When NGINX needs to start as root
inside the container in order to read the mounted files. The suggested
solution is to add the following to the Docker
run command, keeping letsencrypt
outside the docker container:
-v /etc/letsencrypt:/etc/letsencrypt:ro
We suggest this in order to not loose the files that letsencrypt
stores in /etc/letsencrypt
as
you have to start over and issue from scratch if those files are lost.
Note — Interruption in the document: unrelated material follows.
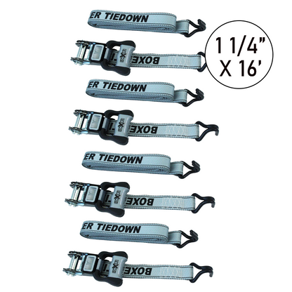 Boxer Pro 1 1/4" x 16' Ratchet Tie Downs Set with Coated J Hooks - 2500 lbs Breaking Strength

The renewal then needs to restart the docker container instead. Again,
using a simple text editor, create a file named
humio-letsencrypt
in the
/etc/cron.weekly/
and copy
these lines into it:
#!/bin/sh
## Renewal for nginx wirh nginx inside a docker container:
letsencrypt renew -a webroot --webroot-path=/var/www/html -m "${YOUR_EMAIL}" && docker restart your-nginx-container
Use chmod to set the permissions to
755
.
Adding TLS to NGINX using Certificate from Other Providers
Start from the template for letsencrypt above, then edit the following lines:
ssl_certificate /path/to/your/public_key_fullchain.pem;
ssl_certificate_key /path/to/your/cert_private_key.pem;
Troubleshooting
HTTP/1.0 requests must not have a chunked entity.
If you run into a situation where LogScale is logging an error similar to this
HTTP/1.0 requests must not have a chunked entity
Then the problem is likely that you've not specified
proxy_http_version 1.1;
in your location
definition. This typically shows up when using a log shipper like
Filebeat with compression enabled, which uses chunked encoding. That
requires HTTP/1.1 or HTTP/2.0 to work properly with LogScale.